If I understand what was going on, for these disguised advertisements, moderation power over comments is actually handed over to the advertiser. So that it wasn’t technically the Atlantic doing this, they just gave the Scientologists the power to do it.
That aside, we agree.
As I recall, the Atlantic claimed that comment moderation was performed by employees of the Atlantic, not by the Cultists Of Clearwater - but that for the sponsored post the comment moderation was done by people on the Marketing staff, not by people on the Editorial side.
Knowing Scientology, I wouldn’t rule out that the members of the marketing staff WERE Scientologists. That would make this whole episode fit their M.O.
Brett, for morall purposes, that’s the same thing.
For moral purposes, yes, but it’s always a good idea to get the facts right.
It is good to get clear on who exactly would do it. However, I would also say that handing comment moderation over to the Scientologists, who the editors could not possibly fail to realize would tacitly censor comments, probably counts as tacitly censoring comments even on technical grounds.
Where does corporate speak come from? The lawyers? The branders? Obscure journo conventions? Insecure businesscritters who think it sounds grownup? Don’t they understand that normal folk, when hearing this babble, think “snake”?
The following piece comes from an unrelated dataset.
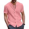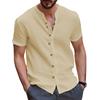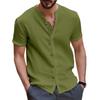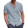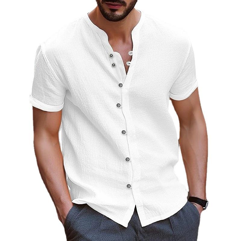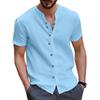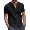 Letnia biała koszula męska bawełniane lniane topy męskie guziki z krótkim rękawem jednokolorowe niebieskie czarne koszule

Politicians do much better at this kind of stuff. When they wish to say nothing much in particular, they usually manage to say their nothing in strong simple language. And many of them are good at saying the opposite of the way they sound. The content may be disgusting, but at least the tone is not ophidian. Bill Clinton was a master of this, but even George Bush had some competence at it. Even a Sarah Palin word salad is better.
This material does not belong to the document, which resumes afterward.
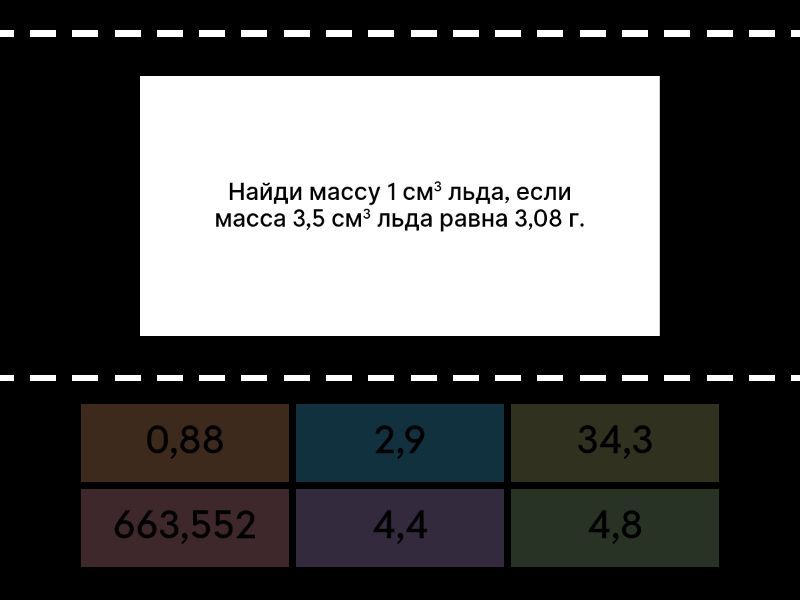 0,88 - Найди массу 1 см3 льда, если масса 3,5 см3 льда равна 3,08 г., 4,8 - За 2,4 ч мальчик прошёл 7,2 км. Сколько километров он пройдёт с той же скоростью за 1,6 ч?, 2,9 - Питательный раствор для подкормки растений поступает в теплицу по двум трубам. Первая была открыта 0,6ч, а вторая 0,4ч. В результате поступило 3,32л раствора. Сколько питательного раствора подаётся за 1ч по второй трубе, если по первой поступает 3,6л раствора за 1ч?, 34,3 - Собственная скорость лодки 8,5 км/ч, а скорость течения 1,3 км/ч. Какое расстояние пройдёт лодка по течению за 3,5 ч?, 663,552 - Ширина прямоугольного параллелепипеда 7,2 см, что составляет ¾ длины и ¾ высоты. Найди объём этого параллелепипеда., 4,4 - Путь от дома до школы равен 1,1 км. Девочка проходит этот путь за 0,25 ч. С какой скоростью идёт девочка?,

A “Sarah Palin word salad” is, to a first approximation, the most awful possible torture of the English language. I’d rather listen simultaneously to the whir of a dentist’s drill AND fingernails run across chalkboard…
Our comments now appear to have a tag with the obscure name “Feature Bury”. Is this also an oubliette for embarrassing mistakes?
I agree that allowing the Scientologists to place sponsored content was a big mistake, but it does lead to the question, which I have yet to see addressed satisfactorily, of when is such an advertisement appropriate and when not. I assume that both the entity placing the content and the content itself factor in here, but what guidelines should the Atlantic (or any other publication for that matter) adopt?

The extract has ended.